The third and most recent book is quite different in style. Out on the 10th May 2013 The No Waste Meal Planner is published Spring Hill, a new publisher for me. With food prices rising faster than the national debt we need to get every scrap of value from the goods we buy. Good menu planning is a sure way of saving money, and this book takes menu planning to another level. It shows how, by linking your meals from one day to another, you can cook – and shop – economically but deliciously; and use up any leftover ingredients that might otherwise be scraped into the bin or left to gather mould in the fridge.

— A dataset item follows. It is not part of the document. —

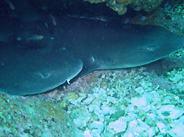 ・とっても久しぶりの東伊豆遠征。素晴らしい沖合いのポイントを持つ伊東です。天気は晴れ、9月も中旬だと言うのに暑いです!海は少〜しうねりはありますが南西の風なのでこっちは静かです。 まずは巨大な沖合いの隠れ根である白根へ。エントリーは南のブイからですが潮流は北から。潮上に向かって進みますが泳ぎにくいほどの潮ではありません。透明度は水深10mくらいまで6mほど。その下は白っぽいけど8mくらい見えてます。水深25mくらいから下はかなりきれいそうでした。そして潮上に近づくとやっぱり魚群ショーが始まります。強烈な濃さのイサキの大群とタカベの大群。そこへワラサ群れやらカンパチ群れ(どちらもいい大きさでした)が突っ込み大騒ぎ! いや〜素晴らしいパワーでした。 そして2本目は「尾根残し」。ここは今日から開放です(毎年9月中旬から開放)。1本目の白根でお腹いっぱいサカナに囲まれたのであとの余韻程度の期待でエントリー。あれ?水深10mくらいから下は水がきれい!20mは見えていたかも。白い砂地と青い水、それだけで気分バッチリです。 でもそこからはまたもや怒涛の魚群祭りでした。雲のように群れるキビナゴがビランビランとひるがえり、イサキはまたもや超大群。ワラサ軍団やイナダの群れも突っ込んでいます。透明度20mの中でイサキは壁になり絨毯になりキビナゴは天井のようになっていました。そんな魚たちにず〜っと囲まれてのダイビングは最高の気分でした。 そうそうそれから久しぶりのドチザメ×3匹やツノダシ、アカヒメジ、イセエビ多数なども見れました。さすが今日から開放って賑やかさでした。 それにしても昨日の田子から今日の伊東までいったい魚を何万匹見たのでしょう… もう皆さん寝ても夢に魚の群れが出てきてしまうのではないでしょうか(笑)

An example of a meal chain in the book: THE ROAST CHICKEN TO PIZZA MARGARITA CHAIN Roast chicken > use the carcass to make stock and the leftover chicken meat to make Chicken risotto > use leftover risotto plus salami, mozzarella and passata to make Arancini with tomato sauce >use the leftover salami, mozzarella and passatta to make Pizza Margarita. Four meals – all linked, and no wasted ingredients.
Other chains include: Roast Lamb to a Dirty Martini through six links.Poached Salmon to Chocolate Cake through five links. Chicken tikka to hummus in four links. Beef brisket to egg fried rice in four links. Breaking the chain Links in the chain can be frozen, ready and waiting for the chain to be started up at a later date. The aim? To reduce waste with no compromise on taste.
Finally, as if that wasn’t enough, School Dinners has been re-edited and is back out again on 1st August 2013.
That is all I can say really about me and my books.
If you’d like to buy one, all the usual places have copies. Here are some links if you would like them.
What a great success you have had Becky, and inspirational.. Good luck withthenew book. Clever idea!
Thank you so much. It is just lovely to know people read what I write!